Back when Unlimited launched in September 2007, founding editor Dan Rubinstein described it as “a ‘work’ magazine and a ‘life’ magazine, because the two terms are increasingly intertwined in our borderless, technology-driven world.” While much has changed in the economy and with the magazine – this marks our first digital issue, for starters – the spirit of Unlimited is the same. It is a business magazine for a generation who might not buy business magazines. It is about the wonderfully nebulous ways our approaches to work have changed. And it represents a new, evolving matrix of working and living and how our generation is exploring its new frontier. Most of all, Unlimited is about storytelling. About Canadians in their 20s and 30s whose careers have no borders or limits. It is about you.

The beautiful thing about the Web is that it is malleable, interactive and layered. Swim through what we’ve created this issue. You’ll find profiles, advice on work and careers, news, reviews and everything to, as our tagline puts it, expand your life’s work. The stories we tell will be truly national, so whether you live in Victoria or Iqaluit or Conception Bay, tell us what you’re doing.

Here are a few things to check out:

Deskercise. A monthly video blog with exercises that you can do in the time it takes to respond to your email

Rich by Thirty. Our personal finance expert Lesley Scorgie takes her advice to the digital airwaves with a monthly podcast

Officeland. A new visual spread that visits cool offices across Canada. This issue, we go to a company in Halifax where “beer-o’clock Fridays” and an airy layout that inspires creativity

Profiles. This issue, Marcello Di Cintio meets “philanthropy junkie” and Bill and Melinda Gates Foundation alumnae Michele Fugiel Gartner

Features. Our main feature, Success: The New Rules, provides career advice – whether you own a small business or are just starting out.

Elsewhere in this issue. New UL contributing editor Greg Hudson speaks with comic book fan and venture capitalist Sean Wise about how superheroes are the ultimate businesspeople (and why the recession is a good thing for entrepreneurs).

In coming weeks and months we’ll roll out more new multimedia and interactive features, new blogs and constantly updated stories.
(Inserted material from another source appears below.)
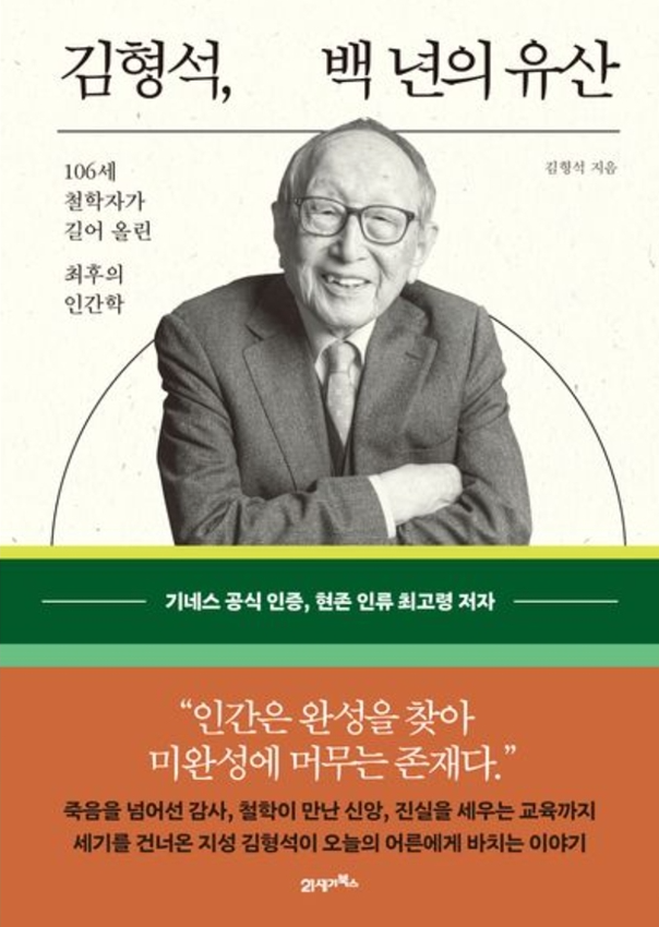 “사람은 ‘이젠 내가 늙었구나’라고 생각할 때 늙습니다. 정신은 늙지 않아요” ‘세계 최고령 저자’ 김형석(105) 연세대 철학과 명예교수가 지난 12일 신간 ‘김형석, 백년의 유산’ 출판 기념에서 한 말이다. 김 교수는 1920년 4월생이다.그는 이날 서울 중구의 한 식당에서 열린 출판 간담회에서 “살아 보니 100세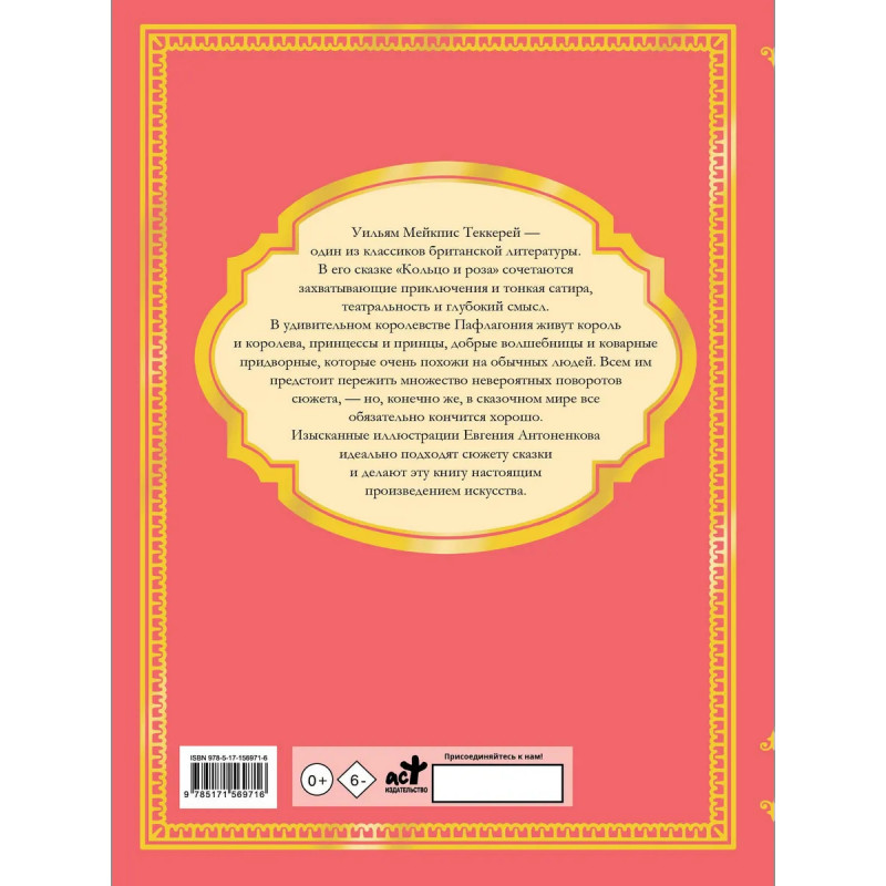 Уильям Мейкпис Теккерей — один из классиков британской литературы. В его сказке "Кольцо и роза" сочетаются захватывающие приключения и тонкая сатира, яркая театральность и глубокий смысл. В удивительном королевстве Пафлагония живут король и королева, принцессы и принцы, добрые волшебницы и коварные придворные, которые очень похожи на обычных людей. Всем им предстоит пережить множество невероятных поворотов сюжета, — но, конечно же, в сказочном мире все обязательно кончится хорошо. Изысканные иллюстрации Евгения Антоненкова идеально подходят сюжету сказки и делают эту книгу настоящим произведением искусства.

Have an idea? Tell us. And while you’re at it, enter to win a $3,000 trip to the Canadian Rockies by signing up for our newsletter.

Web gurus use a nifty visual heatmap called ClickHeat, a digital roadmap that reveals where readers visit on a website. If we applied ClickHeat to our hyper-connected, mobile age, I suspect that they would reveal the strange, wonderful new routes each of our careers take – and we’d find that everything overlaps in new, unexpected ways. Like that trip I made west almost a year ago, the bold trajectories each of our careers take are unlimited.